Train models using different combinations of predictor variables based upon missing data patterns.
Source:R/medley.R
medley_train.Rd
Train models using different combinations of predictor variables based upon missing data patterns.
Usage
medley_train(
data,
formula,
method = glm,
var_sets = get_variable_sets(data = data, formula = formula, min_set_size =
min_set_size),
min_set_size = 0.1,
exclusive_membership = TRUE,
...
)
# S3 method for class 'medley'
summary(object, ...)
# S3 method for class 'medley'
print(x, ...)
# S3 method for class 'medley'
predict(object, newdata, ...)
Arguments
- data
data.frame used to estimate the models.
- formula
with all possible predictor varaibles to be considered.
- method
the function used to train the models (e.g. glm, randomForest).
- var_sets
a list of formulas to use for the predictive models.
- min_set_size
the minimum set size as a percentage to incldue as a model.
- exclusive_membership
whether an observation should only be used only in the model for which the most predictor variables are available.
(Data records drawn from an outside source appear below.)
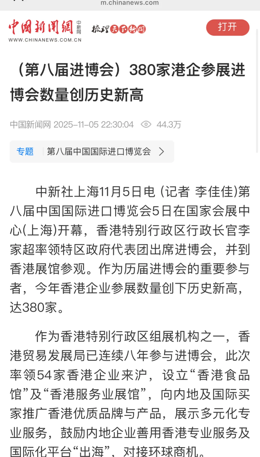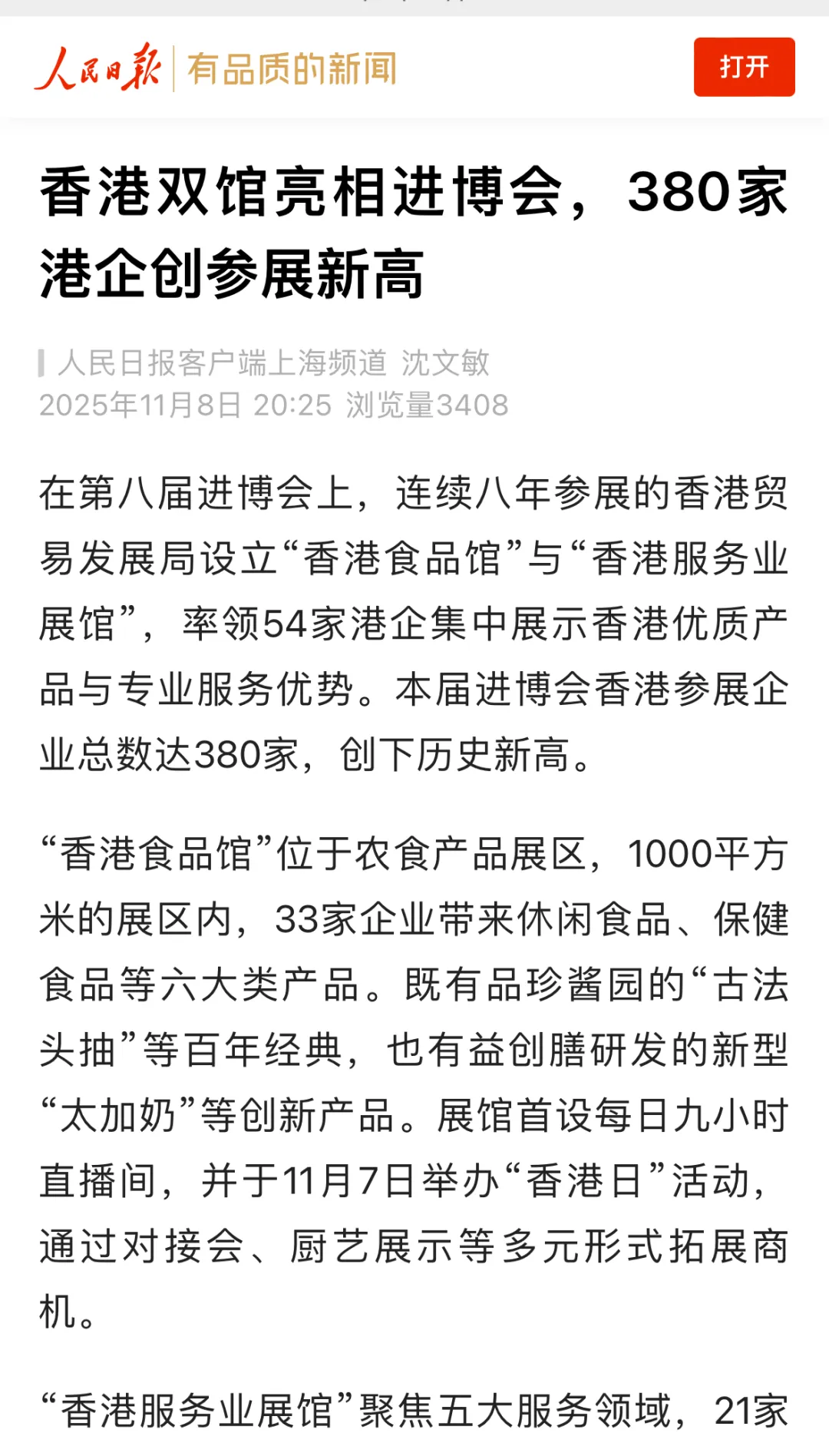 进博优品交易会(小进博)期间,《第八届中国国际进口博览会传播影响力报告》在国家会展中心(上海)发布。《报告》显示,第八届进博会传播影响力突出,全网信息量超过240万条,总曝光量超60亿次,同比增长20%。连续8年组织港商参展的香港贸发局入选第八届进博会传播影响力指数“十五佳展团”。香港贸发局亦于“小进博”期间设立展位,继续推广香港好物。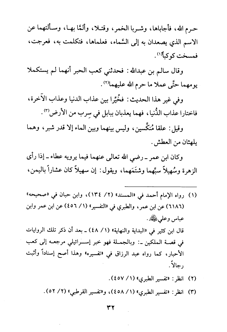 حرم الله، فأجاباها، وشربا الخمر، وقتلا، وألمَّا بها، وسألتهما عن الاسم الذي يصعدان به إلى السَّماء، فعلماها، فتكلمت به، فعرجت، فمسخت كوكباً (¬1).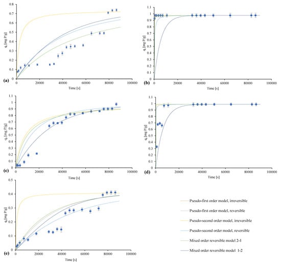 | Pseudo-first-order model, irreversible | R2 | [-] | 0.9703 | 0.8436 | 0.7240 | 0.3092 | 0.8079 |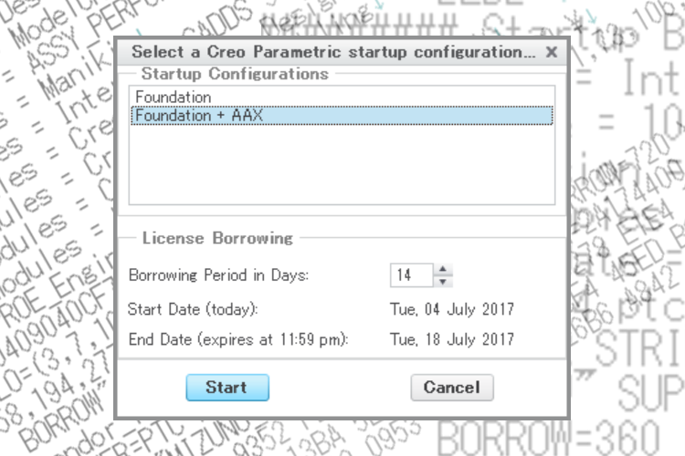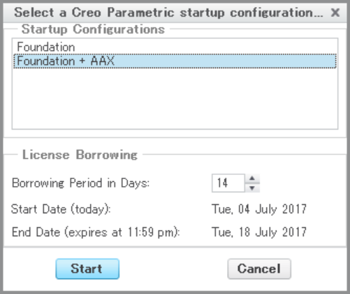 3. 最後に「Start」ボタンをクリックするとライセンスを借用してPro/EまたはCreoが起動します。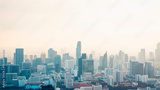 Aerial view of modern city skyline covered with smog and haze, indicating air pollution and PM2.5 problem. Useful for environmental, climate crisis, urban health, and air quality awareness content.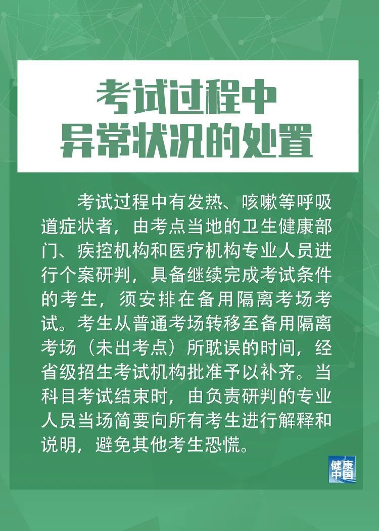 九是考试过程中异常状况的处置。考试过程中有发热、咳嗽等呼吸道症状者,由考点当地的卫生健康部门、疾控机构和医疗机构专业人员进行个案研判,具备继续完成考试条件的考生,须安排在备用隔离考场考试。考生从普通考场转移至备用隔离考场(未出考点)所耽误的时间,经省级招生考试机构批准予以补齐。当科目考试结束时,由负责研判的专业人员当场简要向所有考生进行解释和说明,避免其他考生恐慌。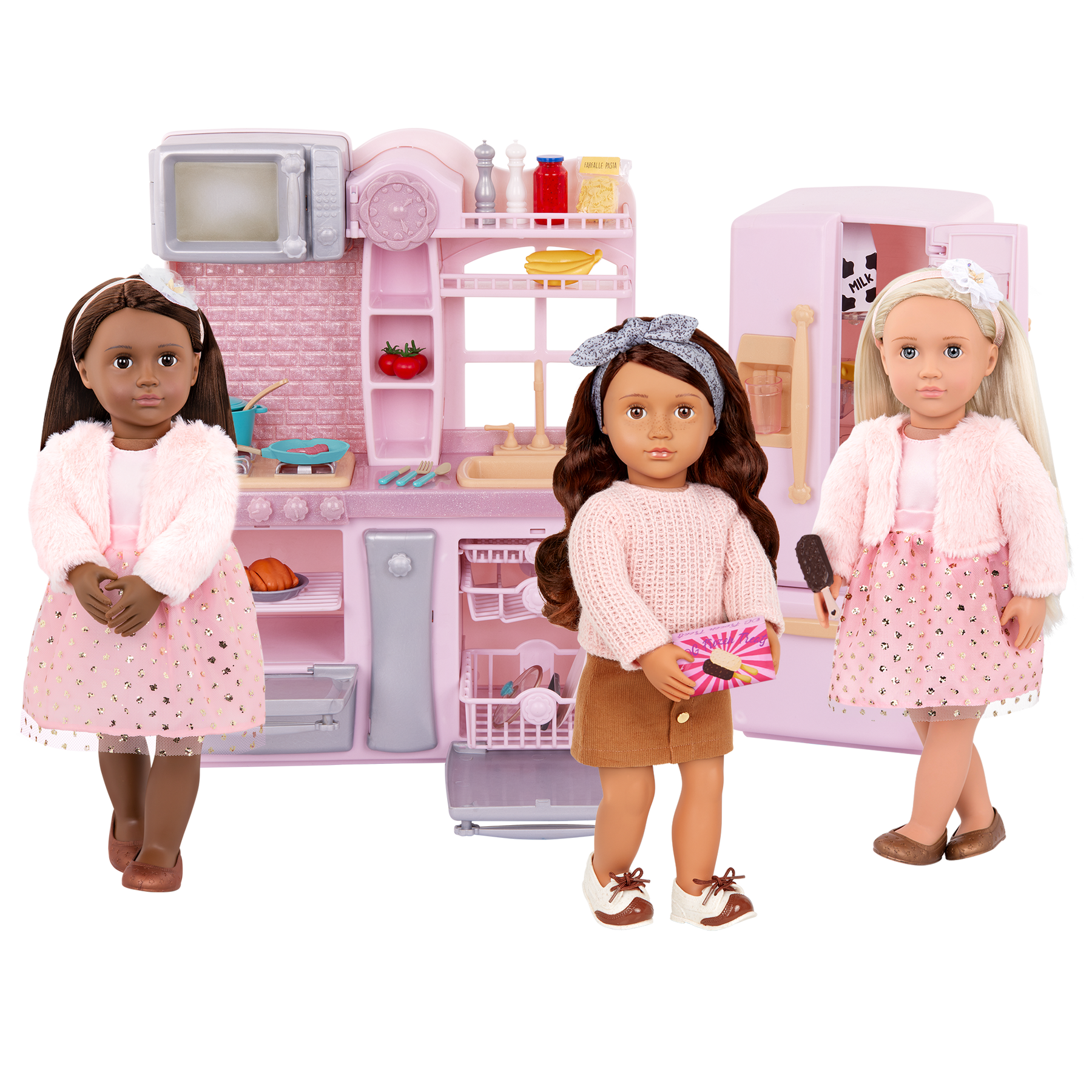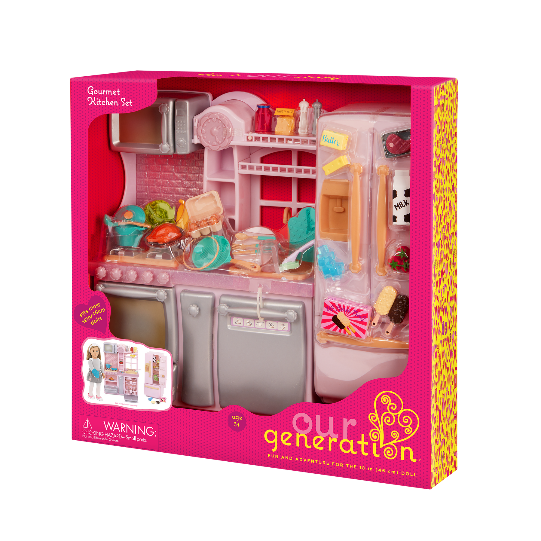 Your little chef will get inspired to cook their favorite foods with their 18-inch dolls in the Our Generation Gourmet Kitchen! This 53-piece pink kitchen playset includes a complete kitchen unit with an oven, dishwasher, and microwave. Plus, there's lots of counter space, cupboards, and shelving for your dolls to store all of the realistic accessories and play food! Where is the best place for the refrigerator? You can position it wherever you like! There are lots of interior shelves and a bottom-load freezer for keeping all of your doll's groceries fresh. Lifelike cooking items make playing kitchen even more fun. Our Generation accessories make a wonderful gift for kids ages 3+ (small parts), encouraging them to create their own unique stories. Compatible with most 18-inch dolls and accessories. Dolls sold separately.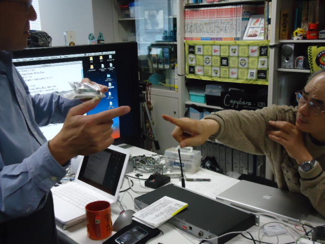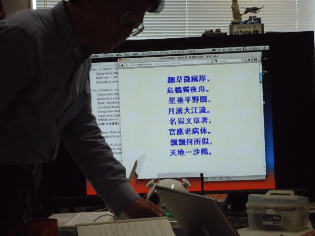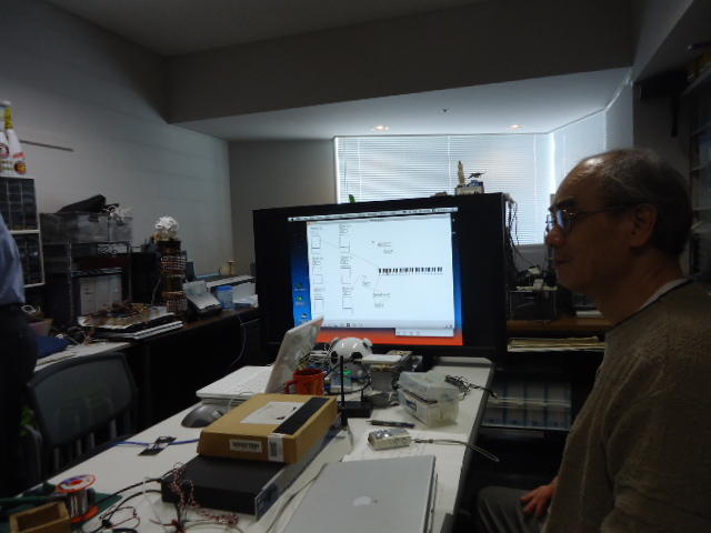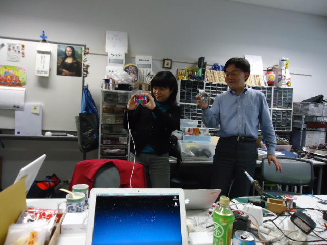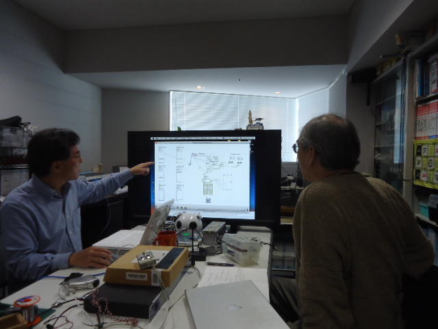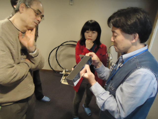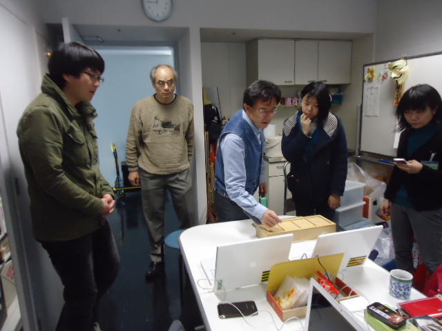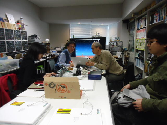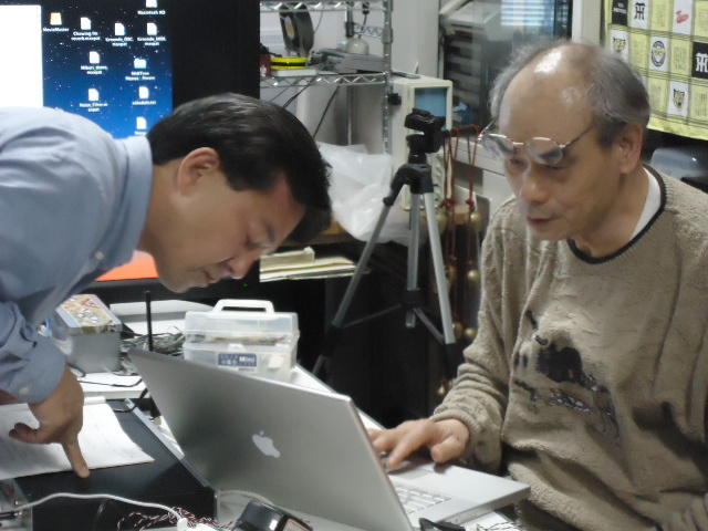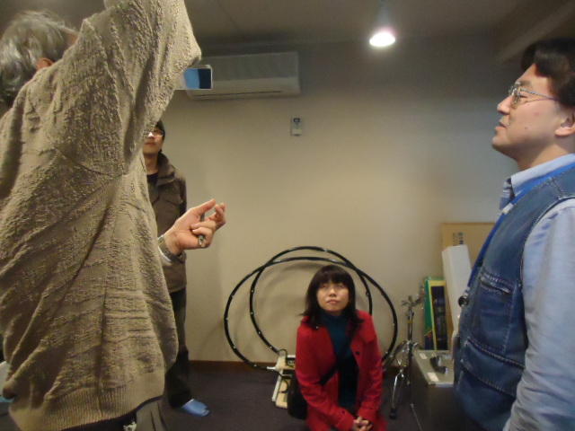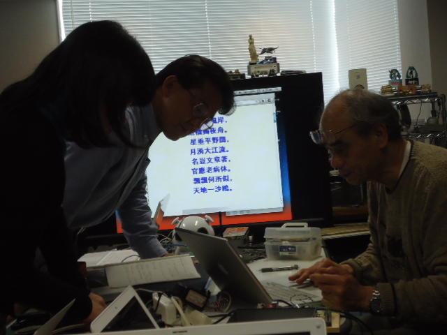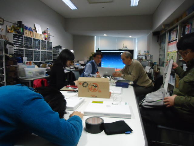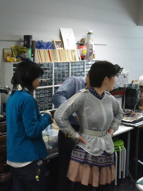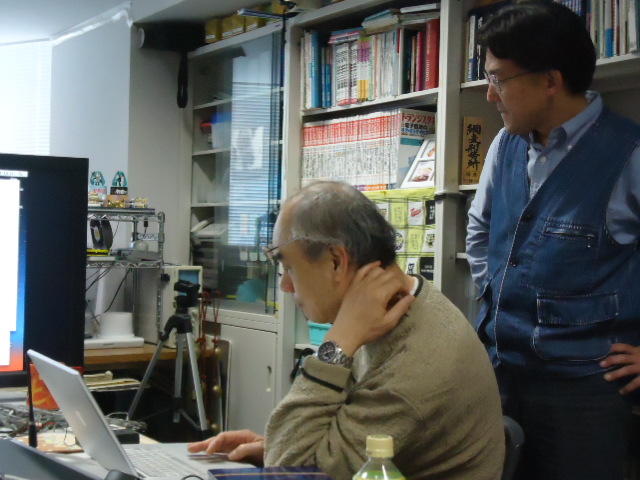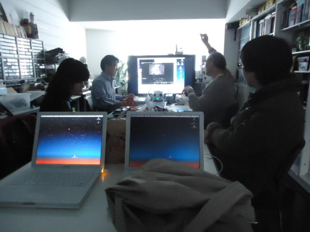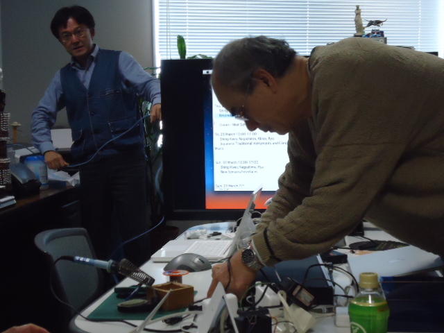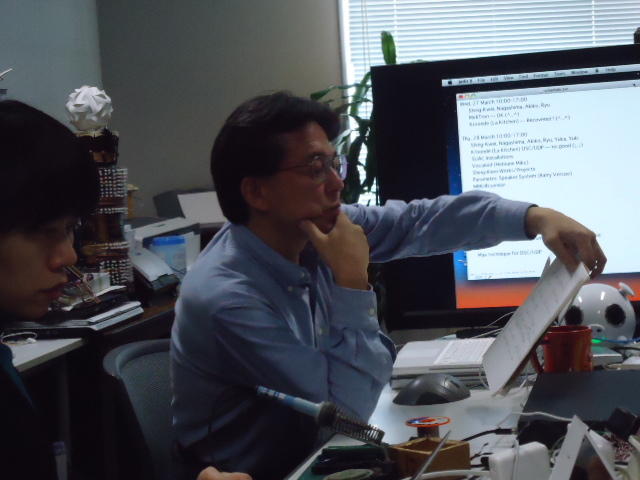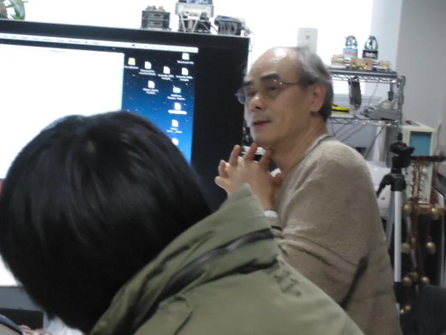 インスタレーションの勉強のため、台湾開南大学の作曲家、 Shing-Kwei教授がまた来日して、1106研究室に通う日々 の2日目の3月28日は、新2回生の坂下さんと金重さんも 参加しました。盛り沢山の内容 + 国際親善カラオケ(^_^)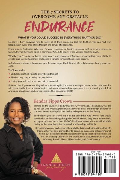 What if You Could Succeed in Everything That You Do? Nobody is born knowing how to solve all of their problems. But the truth is, you can find true happiness in every area of life through the power of endurance. Endurance is fortitude. Whether it's your relationship, family, business, self-care, forgiveness, or failure, they all have one thing in common...YOU. Life begins when you are ready to pivot. Whether you're a stay-at-home mom, coach, entrepreneur, influencer, or consultant, your ability to create long-lasting happiness and peace is to walk through these seven secrets. In Endurance, discover how most people never enjoy the fullest of life only because they give up too soon. You'll learn why: · Endurance is the bridge to every breakthrough · The first key step is taking responsibility· Loving yourself past your own pain is essential Bottom Line: If you are wanting to love yourself again, if you are wanting to create better relationships with your family, if you are wanting to chart a course toward your purpose, if you are feeling stuck, lost or unsure about your next career choice...This book is for YOU!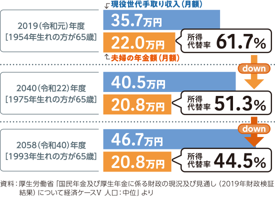 公的年金額が現役世代の平均収入に対して、どのくらいの割合になるかを「所得代替率」といいます。2019年(令和元年)の財政検証結果では、所得代替率が50%を下回るパターンも想定されており、より一層、将来への備えの必要性が高まっています。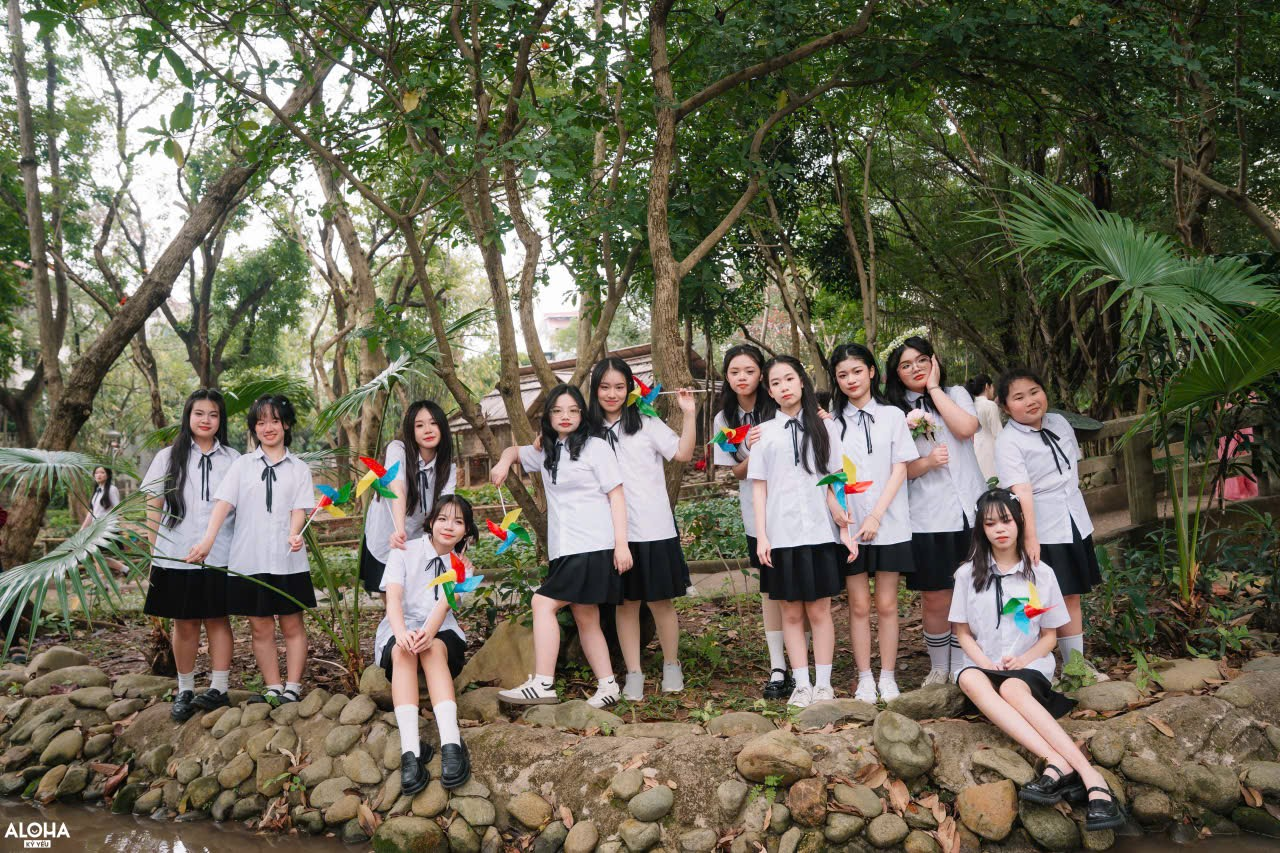 Trong bộ đồng phục quen thuộc, chúng tôi đứng giữa nhà rông, nhà sàn, những hàng cây xanh đậm chất làng quê Việt. Không cần quá nhiều đạo cụ hay màu sắc cầu kỳ, chính nụ cười trong trẻo của tuổi 14 hòa cùng không gian văn hóa truyền thống đã tạo nên một dấu ấn rất riêng cho 9A5. Cuốn kỉ yếu lúc ấy không chỉ là ảnh chụp, mà là câu chuyện về một tập thể biết nhìn về quá khứ để bước tới tương lai.

If `FALSE` then observations may be used in training more than one model.
- ...
other parameters passed to the `predict()` function.
- object
the results from `medley_train`.
- x
the results of `medley_train`.
- newdata
(optional) a new data.frame to get predictions for.
Value
an object with the following elements:
- n_models
the number of models trained.
- formulas
the list of formulas used to train the models.
- models
list of objects returned from the training method.
- data
the data.frame used to train the models.
- model_observations
a data.frame that specifies which observations are used for which model(s).
a vector of predictions.